What you have to do >>
What lines of the data hold the string "para"? Pull each one out.

(Beginning of Data for review)

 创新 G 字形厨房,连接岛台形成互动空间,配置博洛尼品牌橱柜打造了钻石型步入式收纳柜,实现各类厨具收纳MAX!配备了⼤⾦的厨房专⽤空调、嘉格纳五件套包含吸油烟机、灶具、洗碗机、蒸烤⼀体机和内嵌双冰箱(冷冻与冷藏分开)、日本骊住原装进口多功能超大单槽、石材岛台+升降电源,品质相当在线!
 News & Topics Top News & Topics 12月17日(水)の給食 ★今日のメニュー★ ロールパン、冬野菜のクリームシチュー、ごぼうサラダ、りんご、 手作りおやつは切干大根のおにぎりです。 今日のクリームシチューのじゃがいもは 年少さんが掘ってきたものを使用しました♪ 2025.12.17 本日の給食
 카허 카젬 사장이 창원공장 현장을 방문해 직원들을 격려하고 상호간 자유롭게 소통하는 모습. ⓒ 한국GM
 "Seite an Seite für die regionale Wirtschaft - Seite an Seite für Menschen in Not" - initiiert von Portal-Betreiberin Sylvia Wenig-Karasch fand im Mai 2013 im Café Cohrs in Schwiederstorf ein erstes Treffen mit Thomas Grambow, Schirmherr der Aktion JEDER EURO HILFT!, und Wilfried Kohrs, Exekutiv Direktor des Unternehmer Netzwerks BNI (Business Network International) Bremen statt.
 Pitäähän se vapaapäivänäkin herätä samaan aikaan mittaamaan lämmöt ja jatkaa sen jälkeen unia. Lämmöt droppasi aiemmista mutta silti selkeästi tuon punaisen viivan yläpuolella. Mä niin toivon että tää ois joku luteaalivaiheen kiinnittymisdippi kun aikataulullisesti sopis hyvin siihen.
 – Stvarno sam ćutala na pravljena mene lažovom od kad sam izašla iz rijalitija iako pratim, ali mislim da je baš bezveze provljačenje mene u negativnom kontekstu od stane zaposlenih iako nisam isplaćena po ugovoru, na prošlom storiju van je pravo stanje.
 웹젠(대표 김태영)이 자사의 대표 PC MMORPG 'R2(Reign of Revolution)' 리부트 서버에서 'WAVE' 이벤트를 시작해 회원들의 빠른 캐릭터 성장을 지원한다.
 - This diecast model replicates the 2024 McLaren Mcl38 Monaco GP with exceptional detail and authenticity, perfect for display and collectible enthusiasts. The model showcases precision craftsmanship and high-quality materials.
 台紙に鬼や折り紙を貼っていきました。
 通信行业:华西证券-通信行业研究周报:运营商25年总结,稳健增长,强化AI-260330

(End of Data for review)
(Beginning of Data for review)

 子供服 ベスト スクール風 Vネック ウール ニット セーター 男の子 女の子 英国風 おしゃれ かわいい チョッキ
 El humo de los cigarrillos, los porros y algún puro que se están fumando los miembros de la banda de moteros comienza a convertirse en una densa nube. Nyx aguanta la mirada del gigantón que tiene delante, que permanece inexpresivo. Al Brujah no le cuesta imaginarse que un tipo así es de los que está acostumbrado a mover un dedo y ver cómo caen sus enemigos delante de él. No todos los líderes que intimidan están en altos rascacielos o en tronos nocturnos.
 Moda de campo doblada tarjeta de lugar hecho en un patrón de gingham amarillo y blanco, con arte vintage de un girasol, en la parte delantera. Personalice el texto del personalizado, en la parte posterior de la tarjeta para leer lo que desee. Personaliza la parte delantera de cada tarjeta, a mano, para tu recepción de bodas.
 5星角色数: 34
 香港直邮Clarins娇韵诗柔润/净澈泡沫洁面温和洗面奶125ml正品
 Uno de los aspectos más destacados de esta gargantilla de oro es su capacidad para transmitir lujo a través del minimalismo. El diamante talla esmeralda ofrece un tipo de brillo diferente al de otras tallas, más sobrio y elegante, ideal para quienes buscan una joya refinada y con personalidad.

(End of Data for review)

Response area >>
 Moda de campo doblada tarjeta de lugar hecho en un patrón de gingham amarillo y blanco, con arte vintage de un girasol, en la parte delantera. Personalice el texto del personalizado, en la parte posterior de la tarjeta para leer lo que desee. Personaliza la parte delantera de cada tarjeta, a mano, para tu recepción de bodas.
 Uno de los aspectos más destacados de esta gargantilla de oro es su capacidad para transmitir lujo a través del minimalismo. El diamante talla esmeralda ofrece un tipo de brillo diferente al de otras tallas, más sobrio y elegante, ideal para quienes buscan una joya refinada y con personalidad.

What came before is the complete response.